South Carolina House of Representatives
- Long title An act to amend the South Carolina Code of Laws by adding Chapter 42 to Title 44 so as to define gender, sex, and other terms, to prohibit the provision of gender transition procedures to a person under eighteen years of age, to provide exceptions, to prohibit the use of public funds for gender transition procedures, and to provide penalties; and by adding Section 59-32-36 so as to prohibit public school staff and officials from withholding knowledge of a minor's perception of their gender from the minor's parents, among other things. ;
- Territorial extent: South Carolina
- Passed by: South Carolina House of Representatives
- Passed: January 17, 2024
- Passed by: South Carolina Senate
- Passed: May 2, 2024
- Signed by: Henry McMaster
- Signed: May 21, 2024
- Voting summary: 82 voted for; 23 voted against;
- Voting summary: 27 voted for; 8 voted against;

Summary
- Restricts gender-affirming care for South Carolinians under 18 years of age and requires schools to notify parents if their children prefer pronouns or identify as a gender that does not align with their sex assigned at birth.
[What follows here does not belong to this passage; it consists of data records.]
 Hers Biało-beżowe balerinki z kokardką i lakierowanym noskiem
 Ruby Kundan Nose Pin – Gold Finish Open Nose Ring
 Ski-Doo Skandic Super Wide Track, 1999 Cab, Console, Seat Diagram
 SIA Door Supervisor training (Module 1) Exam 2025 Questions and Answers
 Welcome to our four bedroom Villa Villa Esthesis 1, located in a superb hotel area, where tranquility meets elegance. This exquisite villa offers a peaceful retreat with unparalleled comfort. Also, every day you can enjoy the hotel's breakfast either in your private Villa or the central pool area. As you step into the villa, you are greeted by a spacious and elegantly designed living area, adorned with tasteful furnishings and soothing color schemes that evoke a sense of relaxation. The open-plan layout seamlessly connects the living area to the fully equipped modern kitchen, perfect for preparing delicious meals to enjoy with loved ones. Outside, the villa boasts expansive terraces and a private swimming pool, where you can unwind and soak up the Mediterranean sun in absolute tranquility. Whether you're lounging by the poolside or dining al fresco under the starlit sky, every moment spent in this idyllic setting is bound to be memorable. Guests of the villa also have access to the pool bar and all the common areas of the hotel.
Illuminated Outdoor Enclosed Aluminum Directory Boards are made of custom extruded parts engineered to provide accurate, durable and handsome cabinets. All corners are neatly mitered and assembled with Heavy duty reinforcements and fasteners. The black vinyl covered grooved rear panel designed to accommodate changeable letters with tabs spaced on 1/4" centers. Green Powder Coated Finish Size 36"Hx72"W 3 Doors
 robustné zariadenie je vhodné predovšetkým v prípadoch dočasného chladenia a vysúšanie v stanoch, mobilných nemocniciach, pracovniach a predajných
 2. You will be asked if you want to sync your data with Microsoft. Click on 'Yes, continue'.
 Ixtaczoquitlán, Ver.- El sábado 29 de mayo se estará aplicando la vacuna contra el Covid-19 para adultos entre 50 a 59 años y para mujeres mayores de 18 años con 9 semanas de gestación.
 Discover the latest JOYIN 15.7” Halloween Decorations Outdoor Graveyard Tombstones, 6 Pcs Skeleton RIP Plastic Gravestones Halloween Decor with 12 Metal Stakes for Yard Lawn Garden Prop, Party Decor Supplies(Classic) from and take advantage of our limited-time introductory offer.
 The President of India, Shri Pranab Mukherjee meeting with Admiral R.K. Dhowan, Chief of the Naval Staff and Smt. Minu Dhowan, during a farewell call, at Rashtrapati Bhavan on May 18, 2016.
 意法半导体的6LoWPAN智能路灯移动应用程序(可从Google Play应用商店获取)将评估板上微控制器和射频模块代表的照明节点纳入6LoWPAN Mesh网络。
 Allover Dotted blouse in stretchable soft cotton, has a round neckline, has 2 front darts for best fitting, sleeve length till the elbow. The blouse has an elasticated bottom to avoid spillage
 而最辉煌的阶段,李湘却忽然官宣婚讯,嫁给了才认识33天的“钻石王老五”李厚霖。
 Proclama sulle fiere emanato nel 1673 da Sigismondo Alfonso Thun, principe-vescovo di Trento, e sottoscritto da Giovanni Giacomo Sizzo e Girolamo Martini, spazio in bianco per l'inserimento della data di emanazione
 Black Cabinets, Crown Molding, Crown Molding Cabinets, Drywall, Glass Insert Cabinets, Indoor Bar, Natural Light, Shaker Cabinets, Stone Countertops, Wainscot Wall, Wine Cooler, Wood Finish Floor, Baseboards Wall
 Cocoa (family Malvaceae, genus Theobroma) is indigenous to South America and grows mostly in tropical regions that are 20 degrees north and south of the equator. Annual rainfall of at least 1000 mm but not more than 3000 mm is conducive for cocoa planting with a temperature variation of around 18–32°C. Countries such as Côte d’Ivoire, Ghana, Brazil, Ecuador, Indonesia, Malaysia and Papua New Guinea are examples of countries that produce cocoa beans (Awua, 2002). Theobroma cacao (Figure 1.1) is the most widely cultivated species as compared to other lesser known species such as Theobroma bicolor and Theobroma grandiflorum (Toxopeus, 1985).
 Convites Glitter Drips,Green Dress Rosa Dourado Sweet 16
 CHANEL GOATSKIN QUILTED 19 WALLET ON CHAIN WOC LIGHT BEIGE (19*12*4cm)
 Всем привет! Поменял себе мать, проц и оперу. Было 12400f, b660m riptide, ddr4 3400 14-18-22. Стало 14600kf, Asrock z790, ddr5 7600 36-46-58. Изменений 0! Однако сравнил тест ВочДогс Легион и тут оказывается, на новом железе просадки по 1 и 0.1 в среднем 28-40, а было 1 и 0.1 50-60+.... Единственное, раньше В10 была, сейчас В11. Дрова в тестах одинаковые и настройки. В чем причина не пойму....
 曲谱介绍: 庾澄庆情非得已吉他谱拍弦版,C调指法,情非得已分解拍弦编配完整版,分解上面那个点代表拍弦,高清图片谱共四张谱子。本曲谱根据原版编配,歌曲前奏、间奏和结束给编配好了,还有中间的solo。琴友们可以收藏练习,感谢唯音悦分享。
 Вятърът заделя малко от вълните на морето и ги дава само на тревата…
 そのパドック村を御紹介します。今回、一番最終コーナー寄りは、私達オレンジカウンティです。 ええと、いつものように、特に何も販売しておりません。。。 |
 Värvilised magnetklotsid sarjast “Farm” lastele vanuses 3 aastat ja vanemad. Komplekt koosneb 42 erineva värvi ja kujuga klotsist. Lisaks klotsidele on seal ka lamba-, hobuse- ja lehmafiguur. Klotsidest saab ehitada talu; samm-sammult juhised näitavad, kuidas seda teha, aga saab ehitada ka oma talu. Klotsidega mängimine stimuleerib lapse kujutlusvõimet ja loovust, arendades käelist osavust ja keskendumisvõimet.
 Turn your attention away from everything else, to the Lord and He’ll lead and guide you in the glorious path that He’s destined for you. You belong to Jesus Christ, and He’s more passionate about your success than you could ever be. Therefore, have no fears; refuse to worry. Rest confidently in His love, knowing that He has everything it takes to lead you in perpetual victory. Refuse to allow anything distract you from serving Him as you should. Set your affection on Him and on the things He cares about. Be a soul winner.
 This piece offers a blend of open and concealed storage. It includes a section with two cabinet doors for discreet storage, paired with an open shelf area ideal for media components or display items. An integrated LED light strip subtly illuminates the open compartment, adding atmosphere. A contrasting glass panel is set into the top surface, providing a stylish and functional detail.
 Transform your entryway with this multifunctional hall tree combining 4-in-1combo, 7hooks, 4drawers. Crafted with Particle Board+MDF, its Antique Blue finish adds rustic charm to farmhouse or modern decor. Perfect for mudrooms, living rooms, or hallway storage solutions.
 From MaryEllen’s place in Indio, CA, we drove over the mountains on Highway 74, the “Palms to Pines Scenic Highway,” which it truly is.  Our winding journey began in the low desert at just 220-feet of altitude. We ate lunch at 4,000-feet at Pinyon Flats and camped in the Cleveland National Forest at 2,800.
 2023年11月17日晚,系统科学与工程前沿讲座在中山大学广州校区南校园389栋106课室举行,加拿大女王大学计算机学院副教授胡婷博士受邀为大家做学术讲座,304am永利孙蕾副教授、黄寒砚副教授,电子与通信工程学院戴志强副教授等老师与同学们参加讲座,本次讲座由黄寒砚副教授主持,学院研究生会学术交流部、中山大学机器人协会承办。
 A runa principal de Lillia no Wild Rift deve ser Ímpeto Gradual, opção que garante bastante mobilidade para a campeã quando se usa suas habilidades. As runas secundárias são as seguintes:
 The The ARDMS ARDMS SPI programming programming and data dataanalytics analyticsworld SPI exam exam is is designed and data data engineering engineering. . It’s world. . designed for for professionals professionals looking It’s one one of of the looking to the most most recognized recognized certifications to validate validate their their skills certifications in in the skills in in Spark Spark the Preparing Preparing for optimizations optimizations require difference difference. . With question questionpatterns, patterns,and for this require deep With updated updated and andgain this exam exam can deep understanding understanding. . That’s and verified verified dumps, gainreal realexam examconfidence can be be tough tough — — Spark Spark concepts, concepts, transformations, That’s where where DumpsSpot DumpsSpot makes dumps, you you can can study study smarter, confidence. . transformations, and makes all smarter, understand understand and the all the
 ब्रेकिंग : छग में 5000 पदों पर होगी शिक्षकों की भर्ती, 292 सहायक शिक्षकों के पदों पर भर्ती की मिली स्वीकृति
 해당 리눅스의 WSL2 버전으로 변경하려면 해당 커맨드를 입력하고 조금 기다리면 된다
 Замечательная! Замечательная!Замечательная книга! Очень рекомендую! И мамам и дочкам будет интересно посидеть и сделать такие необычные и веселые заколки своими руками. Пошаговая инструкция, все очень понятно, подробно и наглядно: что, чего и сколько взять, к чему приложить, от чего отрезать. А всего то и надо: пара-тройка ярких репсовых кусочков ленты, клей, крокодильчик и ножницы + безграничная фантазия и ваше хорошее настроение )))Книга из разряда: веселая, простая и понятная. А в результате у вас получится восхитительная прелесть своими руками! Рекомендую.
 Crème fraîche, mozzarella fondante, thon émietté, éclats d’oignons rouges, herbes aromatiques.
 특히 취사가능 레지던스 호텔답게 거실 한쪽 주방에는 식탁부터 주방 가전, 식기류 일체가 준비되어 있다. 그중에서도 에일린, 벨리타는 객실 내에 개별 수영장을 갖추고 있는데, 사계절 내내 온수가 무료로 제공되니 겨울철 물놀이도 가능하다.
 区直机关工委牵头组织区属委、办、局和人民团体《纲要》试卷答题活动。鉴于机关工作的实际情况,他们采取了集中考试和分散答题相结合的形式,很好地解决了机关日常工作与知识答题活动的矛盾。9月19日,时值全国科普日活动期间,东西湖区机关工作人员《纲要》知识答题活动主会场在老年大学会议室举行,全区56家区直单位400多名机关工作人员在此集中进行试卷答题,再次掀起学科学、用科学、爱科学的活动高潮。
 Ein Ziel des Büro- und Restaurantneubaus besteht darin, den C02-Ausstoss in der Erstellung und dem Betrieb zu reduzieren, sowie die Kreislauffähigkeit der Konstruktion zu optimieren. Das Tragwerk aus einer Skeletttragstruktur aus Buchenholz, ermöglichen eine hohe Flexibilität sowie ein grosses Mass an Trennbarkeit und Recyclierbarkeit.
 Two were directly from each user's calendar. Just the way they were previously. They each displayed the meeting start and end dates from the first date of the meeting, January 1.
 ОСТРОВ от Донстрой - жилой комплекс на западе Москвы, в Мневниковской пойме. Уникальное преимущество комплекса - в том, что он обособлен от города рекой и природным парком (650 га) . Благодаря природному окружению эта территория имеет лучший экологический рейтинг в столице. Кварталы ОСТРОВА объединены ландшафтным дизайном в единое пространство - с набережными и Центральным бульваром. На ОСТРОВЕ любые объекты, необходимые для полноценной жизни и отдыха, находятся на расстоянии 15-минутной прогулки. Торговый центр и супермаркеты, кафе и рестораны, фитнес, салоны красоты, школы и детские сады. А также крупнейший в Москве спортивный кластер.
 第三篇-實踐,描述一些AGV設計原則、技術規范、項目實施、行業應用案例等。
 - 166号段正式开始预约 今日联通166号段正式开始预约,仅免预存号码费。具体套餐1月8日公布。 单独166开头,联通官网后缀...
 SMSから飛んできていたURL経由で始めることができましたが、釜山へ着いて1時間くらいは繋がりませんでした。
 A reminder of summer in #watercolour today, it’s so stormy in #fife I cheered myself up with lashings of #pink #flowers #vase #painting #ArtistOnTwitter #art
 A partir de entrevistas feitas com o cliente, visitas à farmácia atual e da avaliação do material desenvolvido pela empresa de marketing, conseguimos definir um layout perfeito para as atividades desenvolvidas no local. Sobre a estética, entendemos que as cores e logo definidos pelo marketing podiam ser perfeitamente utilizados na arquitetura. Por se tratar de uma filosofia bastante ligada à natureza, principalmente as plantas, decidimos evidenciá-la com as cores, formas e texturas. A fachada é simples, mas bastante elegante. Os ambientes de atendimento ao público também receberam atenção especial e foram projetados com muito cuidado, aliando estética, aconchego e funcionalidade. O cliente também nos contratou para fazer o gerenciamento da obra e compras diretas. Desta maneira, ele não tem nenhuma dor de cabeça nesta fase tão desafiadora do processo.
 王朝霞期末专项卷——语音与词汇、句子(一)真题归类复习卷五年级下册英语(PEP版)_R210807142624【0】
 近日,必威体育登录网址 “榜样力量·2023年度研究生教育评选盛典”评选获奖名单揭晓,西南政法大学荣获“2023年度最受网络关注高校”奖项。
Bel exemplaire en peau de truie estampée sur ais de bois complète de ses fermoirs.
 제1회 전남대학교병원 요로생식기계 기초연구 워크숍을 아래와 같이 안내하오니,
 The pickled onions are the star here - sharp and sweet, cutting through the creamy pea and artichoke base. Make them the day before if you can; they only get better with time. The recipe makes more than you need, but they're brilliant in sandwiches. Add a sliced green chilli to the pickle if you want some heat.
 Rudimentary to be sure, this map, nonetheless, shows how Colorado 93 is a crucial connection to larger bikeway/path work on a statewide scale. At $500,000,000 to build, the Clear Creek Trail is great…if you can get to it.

= South Carolina House Bill 4624 =

2024 South Carolina law

South Carolina House Bill 4624 (H.B. 4624), commonly known as the Help Not Harm Bill, is a 2024 law in the state of South Carolina that restricts gender-affirming care for South Carolinians under 18 years of age and requires schools to notify parents if their children prefer pronouns or identify as a gender that does not align with their sex assigned at birth.

The bill was signed into law on May 21, 2024 by Governor Henry McMaster following passage in the Senate on May 2. A lawsuit from the ACLU of South Carolina, Misanin v. Wilson, is pending in the U.S. District Court for South Carolina as of June 2025.

== Provisions ==
H.B. 4624 restricts gender-affirming care, namely hormone replacement therapy (HRT), puberty blockers, and sex reassignment surgery. A grandfather clause was included for minors already on said care prior to August 1, 2024. The grandfather clause for extended treatment expired on January 31, 2025, with the doctor being required to slowly reduce the dosage of any hormones or blockers until then. The bill criminalizes providing sex reassignment surgery to minors and medical professionals who knowingly provide such surgery can be convicted of a felony. Exceptions for medical treatment exist for minors diagnosed with precocious puberty, endometriosis, and similar conditions.

H.B. 4624 also requires schools to give parental notification if they discover a student using pronouns differing from their biological sex, identifying as a gender that does not align with their biological sex, or using a name different from their legal name.

== Reactions ==
=== Support ===
The Heritage Foundation, a conservative action group, supported H.B. 4624 in a statement and simultaneously endorsed similar bills in different states. Governor Henry McMaster released a statement in January prior to its passage generally supporting H.B. 4624. He later stated to ABC News that he was proud to have signed it and that he would continue to fight to oppose similar procedures to minors.

=== Opposition ===
The ACLU of South Carolina released a statement after the bill was first passed in the South Carolina House of Representatives opposing H.B. 4624. Several civil rights groups, including the Campaign for Southern Equality, opposed the bill and provided resources to those affected. Medical groups such as the American Medical Association and American Academy of Pediatrics have opposed legislation similar to H.B. 4624.